M.R. Dans toutes les grandes catastrophes naturelles, c'est le calme et la solidarité qui règnent et
permettent de surmonter l'épreuve. C'est ainsi qu'on se reconstruit plutôt qu'en nourrissant le ressentiment,
la vengeance, la violence.
Devrons-nous ensemble faire preuve de résilience ?
M.R. La résilience est une bonne chose parce qu'elle évite de sombrer. Nous avons à faire face à des
déviations de la nature humaine, nous pouvons donc y remédier. La résilience n'est pas la résignation. Au
contraire, c'est une force d'âme qui permet de faire face aux hauts et aux bas de l'existence, avec sagesse
et compassion. Au Népal, après le tremblement de terre, j'ai rencontré des personnes incroyablement
résilientes qui avaient tout perdu et parvenaient à reconstruire leur maison et leur terre. Il est normal que,
momentanément, face à une épreuve violente, le réflexe soit de se recroqueviller sur soi-même. Mais, sur
le long terme, chacun peut puiser dans son for intérieur les ressources pour poursuivre sa vie et contribuer
au bien de la société.
Comment continuer à tenir un discours optimiste ?
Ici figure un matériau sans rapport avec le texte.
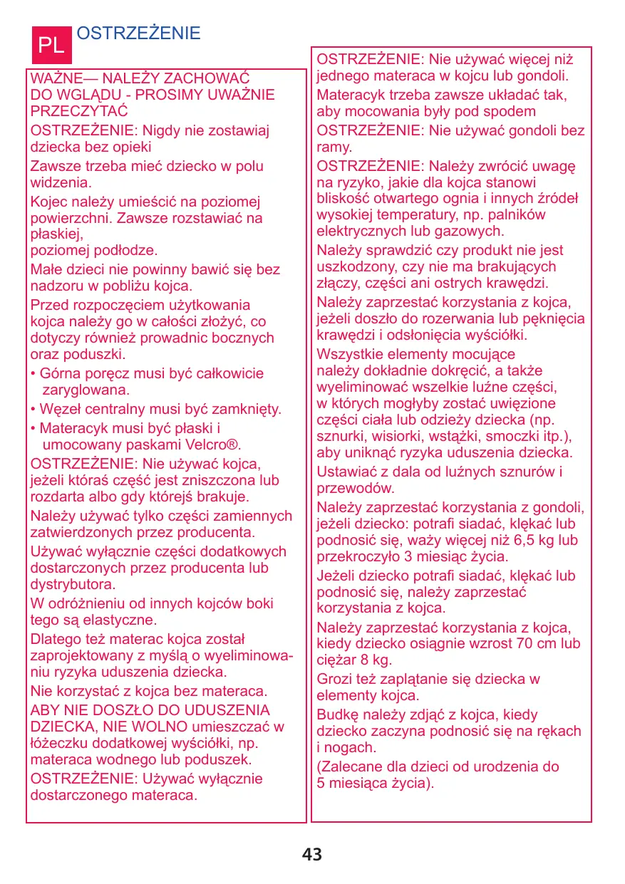 AVERTISSEMENT: Ne pas utiliser plus d’un matelas à la fois dans le berceau ou dans le rehausseur de matelas. Toujours utiliser le matelas sommier fourni, en le fixant avec les sangles situées en dessous. AVERTISSEMENT: Ne pas utiliser le rehausseur de matelas hors du berceau AVERTISSEMENT: Attention aux accidents liés aux flammes et autres sources de forte chaleur telles que radiateurs électriques, ou radiateurs à gaz, dans le voisinage du berceau. Vérifier le berceau pour détecter les parties abimées ou manquantes, et les bords acérés. Si les bords rembourrés sont déchirés et donnent un accès au rembourrage il faut arrêter d’utiliser le berceau. Tous les dispositifs de fixation doivent être correctement attachés. Faire attention à ce que le bébé n’ait pas une partie de son corps ou de ses vêtements (rubans, colliers) coincés, entrainant un risque d’étranglement. Mettre le berceau loin des cordons de téléphones ou de fils électriques. Arrêtez d’utiliser le rehausseur de matelas lorsque l’enfant vérifie une des conditions suivantes: l’enfant peut s’asseoir, se mettre à genoux ou se redresser tout seul, ou, à partir du moment où il pèse plus de 6,5 kg ou a plus de 3 mois. Lorsqu’un enfant est capable de s’asseoir, ou de se mettre à genoux, ou de se redresser tout seul, le berceau ne doit plus être utilisé pour cet enfant. Arrêtez d’utiliser le berceau lorsque l’enfant mesure 70 cm ou pèse plus de 8kg.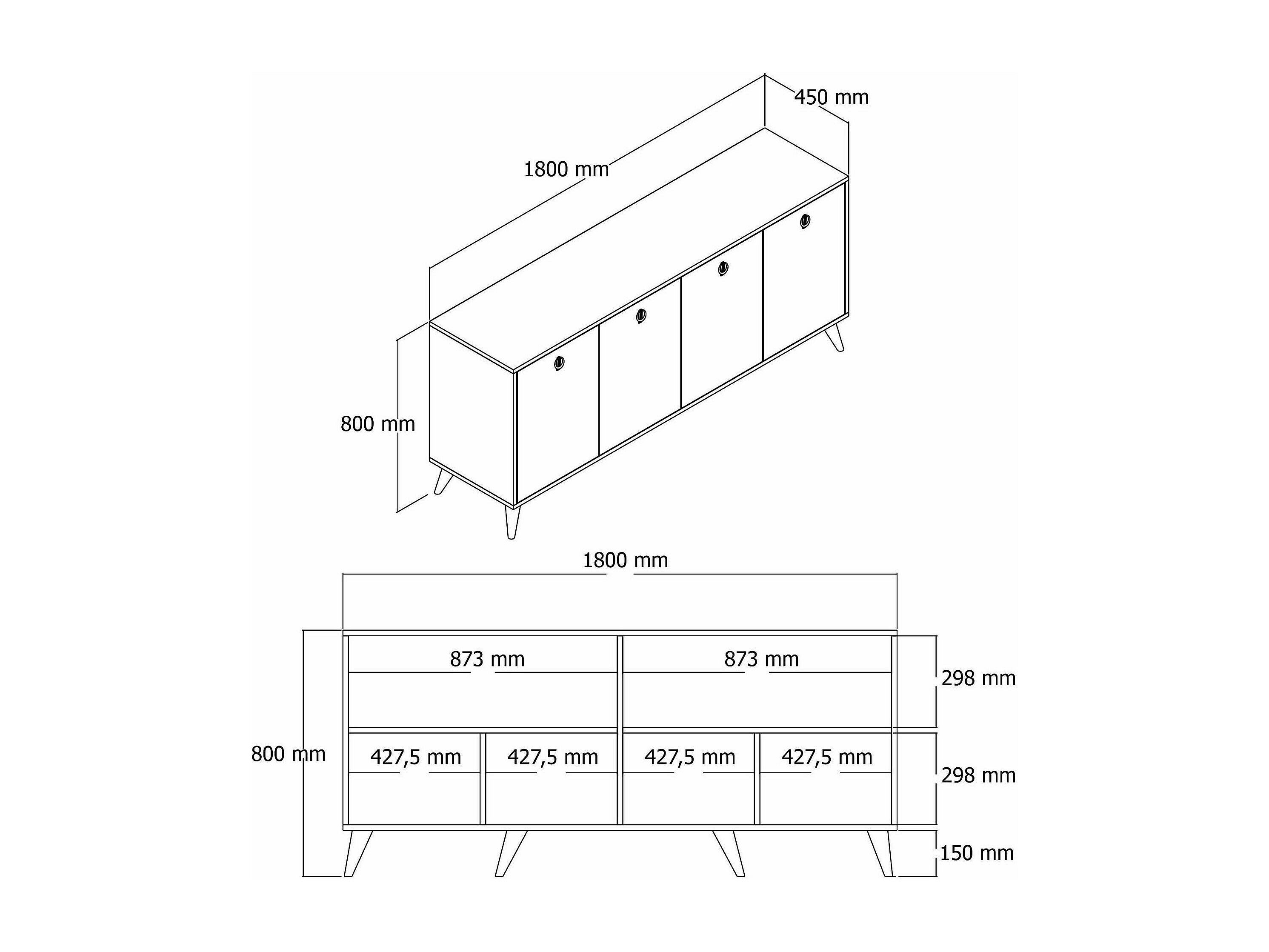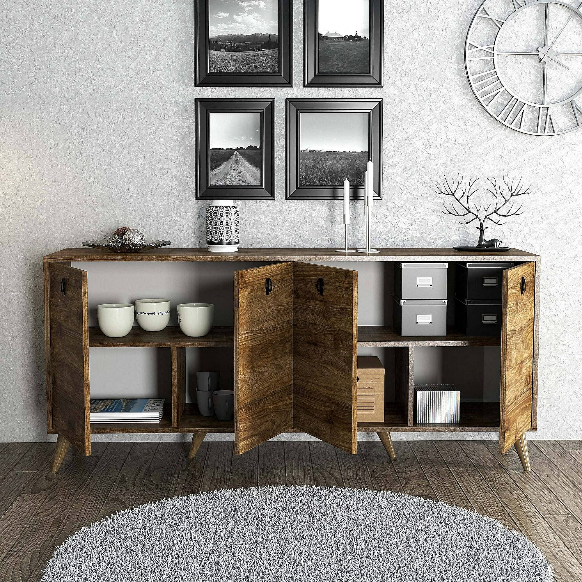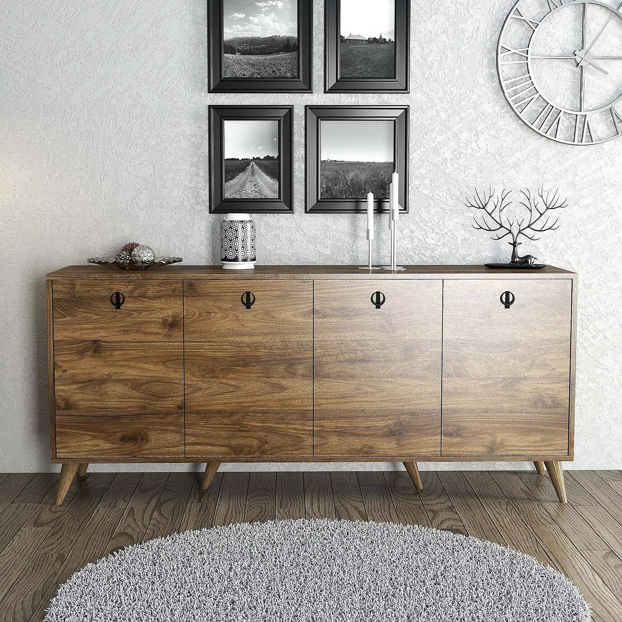 Buffet Dmutarell, Buffet du salon, Commode de salon, Garde-manger de cuisine, 180x45 h80 cm, Noyer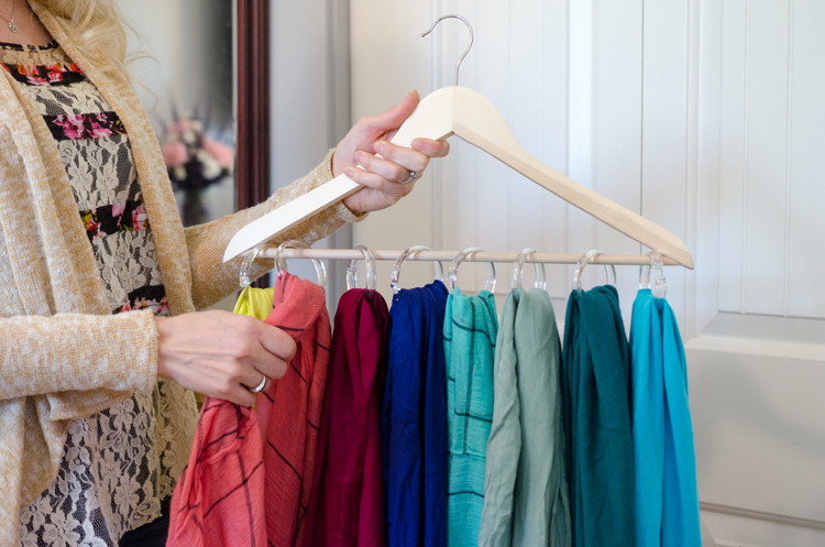 Utiliza anillo de la cortina del baño o bien cualquier anillo de al menos 7 cm de diámetro. Abre cada anillo y coloca una de las bufandas en el.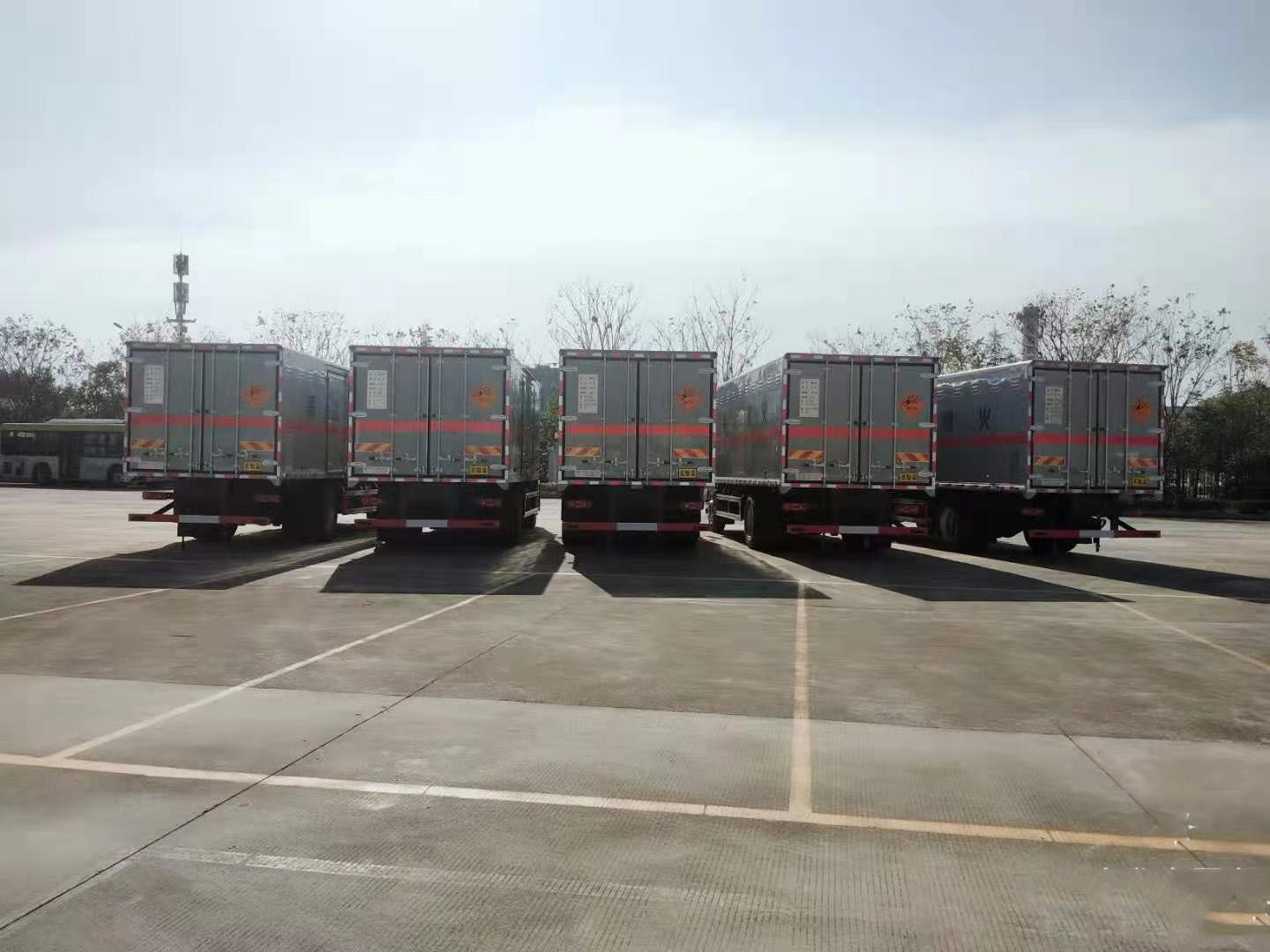 東風(fēng)天錦危險品車廂體材質(zhì)為復(fù)合型防爆板:外板1.2mm冷軋鋼板,內(nèi)板為靜電良好的1mm厚鋁板,中間為30×40mm金屬方管,填充材料為40mm厚B2級隔熱防阻燃擠塑板。廂體兩側(cè)板上部開防雨型通風(fēng)孔,便于空氣流通。廂體底板為3mm厚花紋板外鋪10mm厚靜電膠皮,前廂板下部處鋪10mm厚靜電膠皮,以防止車廂內(nèi)產(chǎn)生靜電火花,兩側(cè)板安裝內(nèi)嵌式臥環(huán),便于固定車廂內(nèi)的貨物。頂板中間處設(shè)置煙霧器,側(cè)門和尾門鎖緊處設(shè)置防盜器,并于駕駛室內(nèi)部蜂鳴器連接,便于駕駛?cè)藛T及時發(fā)現(xiàn)并險情。廂體頂部封閉不可開啟。廂體右(副駕)側(cè)開側(cè)門,廂體尾部雙開門。車廂顏色為/白色,安裝整車示廓燈,車廂外前廂板兩側(cè)設(shè)兩個滅火器支架(隨車贈送4Kg滅火器兩個),車廂尾部副梁處設(shè)置兩根可收放式銅芯靜電帶,使車輛與大地等電位連接,車身國標(biāo)反光標(biāo),左右及尾部三塊菱形危險品標(biāo)識,尾部粘貼危險品告示,兩張危險品警示牌,車頂一個三角形危險品頂燈。

M.R. En prenant du champ historique, d'abord. Sur les cinq derniers siècles, la violence dans le monde n'a
cessé de reculer. En 1350, à Oxford, on dénombrait 100 homicides pour 100 000 habitants. Aujourd'hui,
le ratio est de 1 pour 100 000 habitants dans toute l'Europe. Soit de 50 à 100 fois moins. Depuis 1950,
le nombre moyen de victimes par conflit dans le monde est passé de 30 000 à 1 500. Autre exemple, la
violence contre les enfants a diminué de moitié en vingt ans aux États-Unis. Nous subissons des sursauts
d'horreur, comme celui que vient de vivre Paris, mais globalement, grâce au progrès de la démocratie, au
statut accordé aux femmes, au développement des échanges entre les pays, la violence est en net recul
dans le monde.
Mais comment affronter la peur ?
M.R. Par la solidarité et l'altruisme, qui sont des valeurs pragmatiques dans une société en crise. La
coopération entre les individus s'impose d'autant plus quand on fait face à l'adversité. Ce n'est pas en
promouvant une société de la peur qu'on réglera les problèmes, on le voit bien aux Etats-Unis ! Construire
une société plus altruiste n'est pas une affaire de Bisounours : les individus sont plus forts ensemble
qu'isolés, apeurés, méfiants. Il faut promouvoir la confiance en développant l'inclusion. On n'y arrivera
jamais si des pans entiers de la société sont rejetés.